I must admit that Conrad REALLY covered all of the basis, when it comes to "What to do Next."

I totally understand how you feel, but remember this. Choose not to go on your "feelings." Instead, Go Ahead, Make a Plan, and Press Forward! Don't spend any time looking back or feeling sorry for yourself at any point, but instead, LET'S GO!!!

When I was in college a thousand years ago :) , I felt the very same way about my Advanced Algebra Class. (Math always gave me the Blues!) Well anyway, after sitting down and having a "good cry," I was advised to do the very thing that I am sharing with You.... MAKE A PLAN. Or, as I like to look at it, Make a Plan A, B, and possibly C, because in some cases, it will take a combination of scenarios in order for you to get your desired results.

For me, I chose to sign myself up for as many "Math Tutoring Classes," as I possibly could schedule, in addition to reaching out to the math Professor for additional insight and help. I learned that it was important for my math Professor to know that I was struggling so that he could see that I was serious about doing well in his class and that my poor scores were NOT due to me being a 'goof off student.' :)
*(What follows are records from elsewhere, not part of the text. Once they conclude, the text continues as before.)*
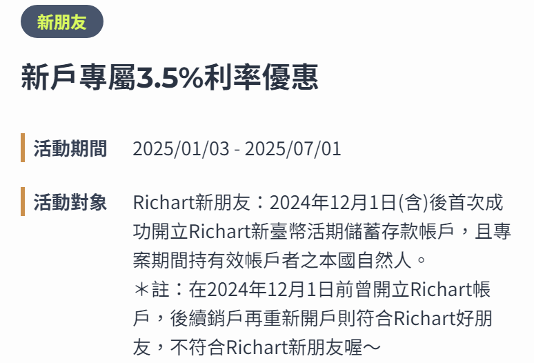 📌 Richart帳戶 最高3.5% 可用推薦連結再拿200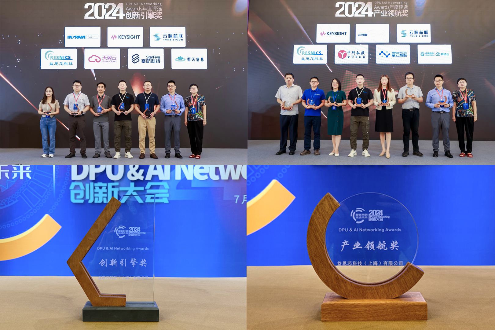 为了表彰在 DPU 技术创新中取得卓越成就的单位,2024 DPU & AI Networking Awards 评审委员会经过严格的评审与筛选,益思芯科技凭借在 DPU & AI 芯片领域超强的创新能力脱颖而出,同时荣获品牌类 “产业领航奖”和技术类“创新引擎奖”两项大奖!
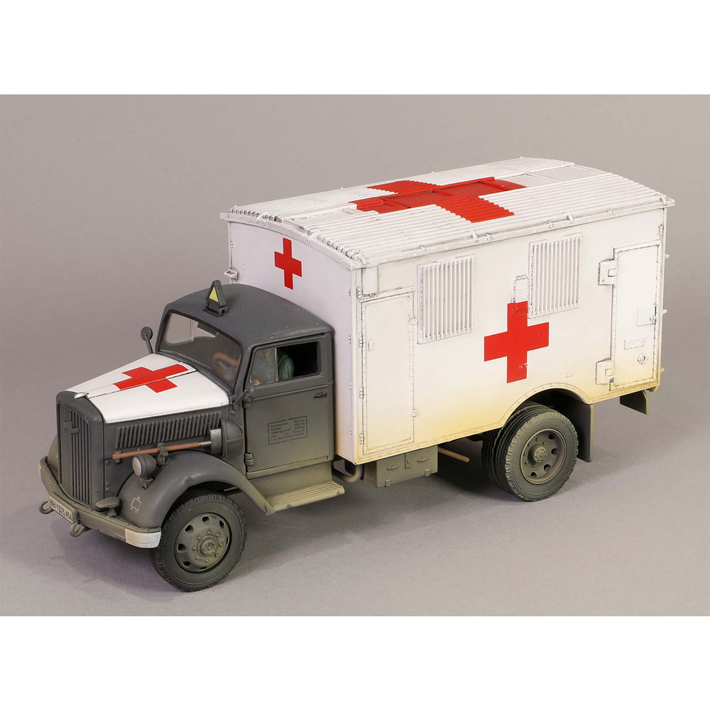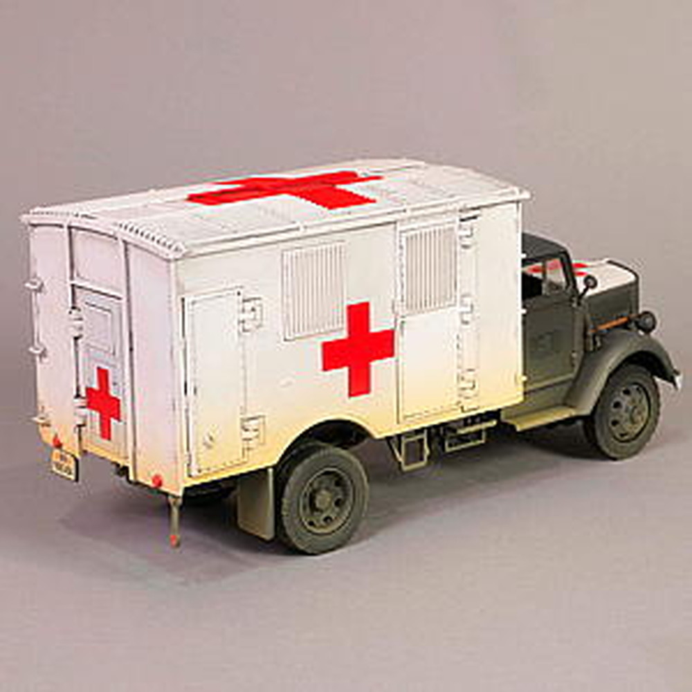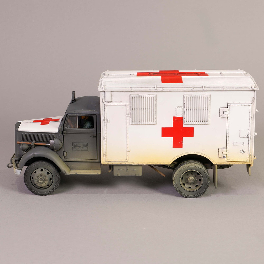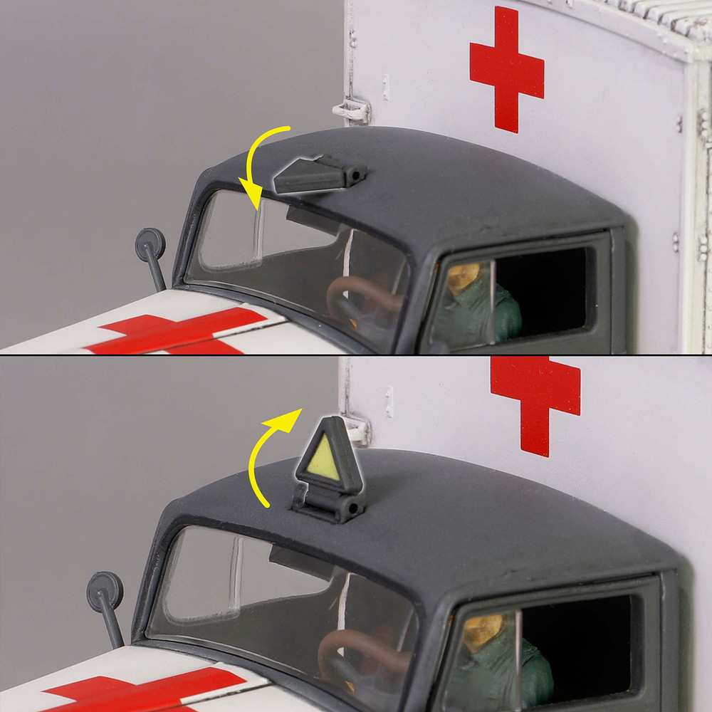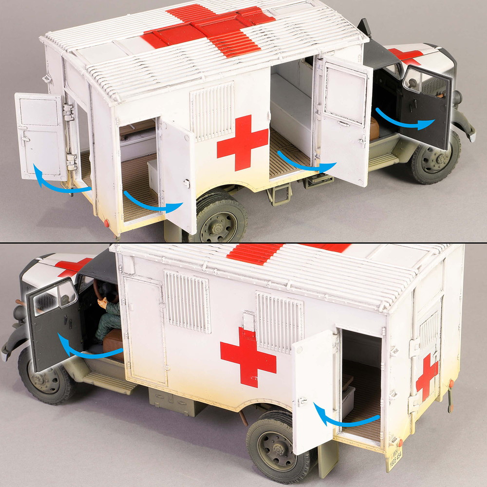 負傷兵などの輸送に活躍した救急車両タイプをモデル化しています。キャビンとシャーシの一部はダイキャスト製の組み立て塗装済み完成モデルです。
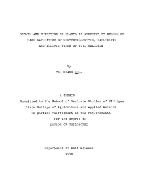 Growth and nutrition of plants as affected by degree of base saturation of montmorillonitic, kaolinitic and illicit types of soil colloids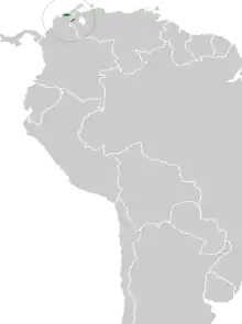 The nominate subspecies of black-fronted wood quail is found in the Sierra Nevada de Santa Marta of northeastern Colombia. O. a. variegatus is found at the northern end of Colombia's eastern Andes. O. a. navai is found in Serranía del Perijá, which straddles the Colombia-Venezuela border. The species inhabits the floor of tropical and subtropical montane forest, usually at elevations between 1,200 and 3,100 m (3,900 and 10,200 ft) but as low as 700 m (2,300 ft) in the Sierra Nevada de Santa Marta.[7]

All in all, it worked! I continued using this very same Strategy when taking my next College Math Courses, and I am happy to report that I PASSED those 'dog gone' Math classes! Although I didn't earn straight A's in my Math classes, I earned grades that enabled my college GPA to still be high enough for me to Graduate with High Honors at the time of graduation. When I look back on those years in college, I feel as though it was all worth while by me having gone the Extra Mile, in order to pass my Math Classes.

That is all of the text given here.